#### Required action:
Only one span of the listing below is wanted: the lines from the one with "Obrázek 8: Uprchlíci" through the one with "U adolescentů je", reproduced exactly, both ends kept.

#### Stored data:
● ● ● ● ● ● ●

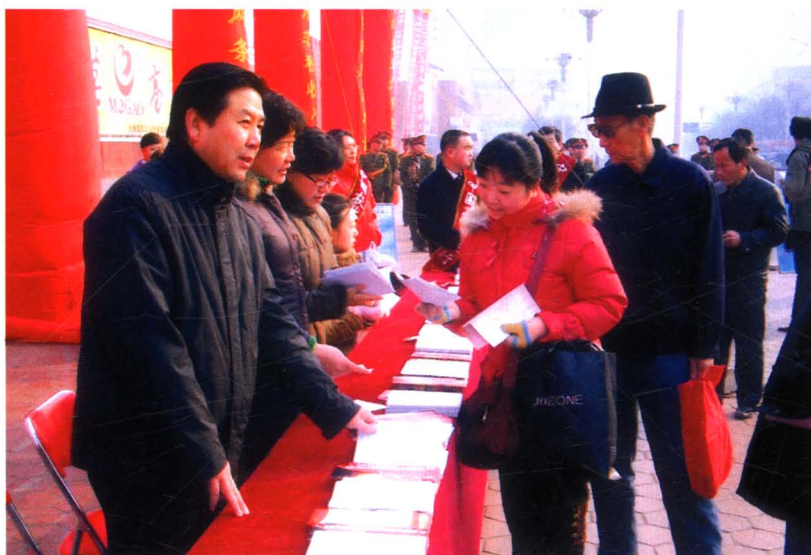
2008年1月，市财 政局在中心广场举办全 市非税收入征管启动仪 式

● ● ● ● ● ● ●

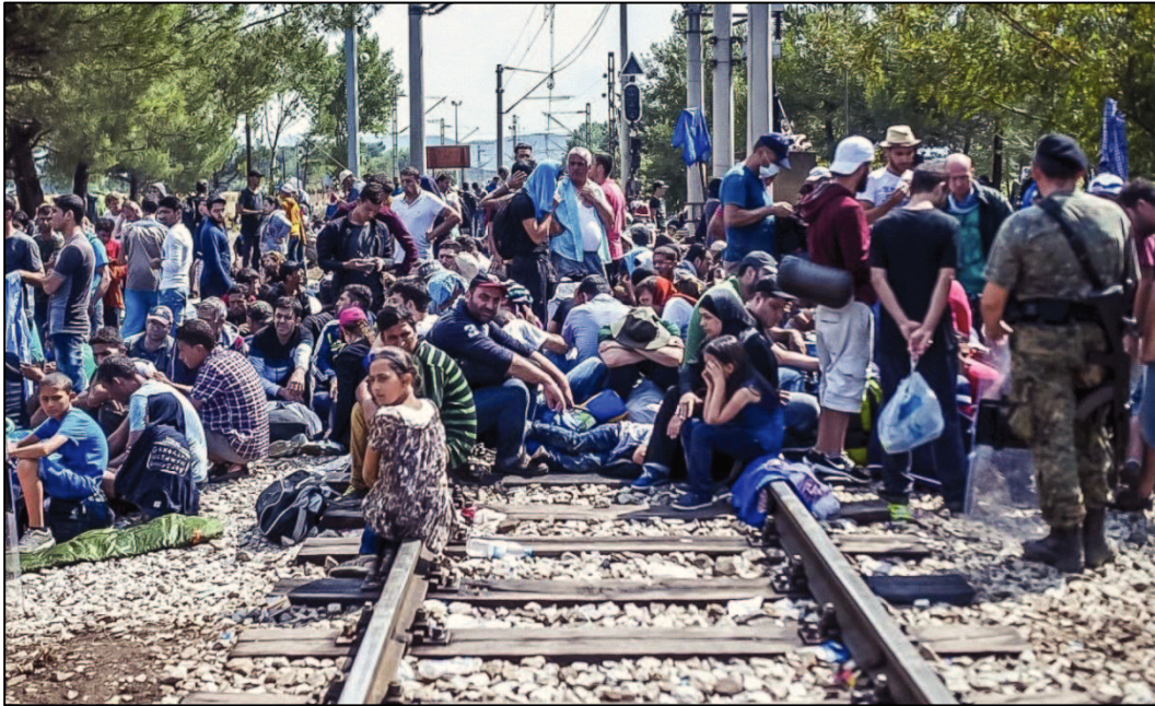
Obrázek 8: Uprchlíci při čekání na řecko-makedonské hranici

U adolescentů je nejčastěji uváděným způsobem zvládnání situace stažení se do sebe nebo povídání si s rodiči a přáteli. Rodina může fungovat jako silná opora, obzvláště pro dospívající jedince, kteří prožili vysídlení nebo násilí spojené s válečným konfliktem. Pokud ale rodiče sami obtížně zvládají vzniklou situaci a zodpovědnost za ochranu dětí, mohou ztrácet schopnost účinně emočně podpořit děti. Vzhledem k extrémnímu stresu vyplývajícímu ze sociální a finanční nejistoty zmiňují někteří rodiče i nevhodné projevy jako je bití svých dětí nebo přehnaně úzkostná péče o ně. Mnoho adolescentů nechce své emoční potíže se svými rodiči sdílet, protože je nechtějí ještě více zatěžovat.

● ● ● ● ● ● ●

#### Result for this exercise:
Obrázek 8: Uprchlíci při čekání na řecko-makedonské hranici

U adolescentů je nejčastěji uváděným způsobem zvládnání situace stažení se do sebe nebo povídání si s rodiči a přáteli. Rodina může fungovat jako silná opora, obzvláště pro dospívající jedince, kteří prožili vysídlení nebo násilí spojené s válečným konfliktem. Pokud ale rodiče sami obtížně zvládají vzniklou situaci a zodpovědnost za ochranu dětí, mohou ztrácet schopnost účinně emočně podpořit děti. Vzhledem k extrémnímu stresu vyplývajícímu ze sociální a finanční nejistoty zmiňují někteří rodiče i nevhodné projevy jako je bití svých dětí nebo přehnaně úzkostná péče o ně. Mnoho adolescentů nechce své emoční potíže se svými rodiči sdílet, protože je nechtějí ještě více zatěžovat.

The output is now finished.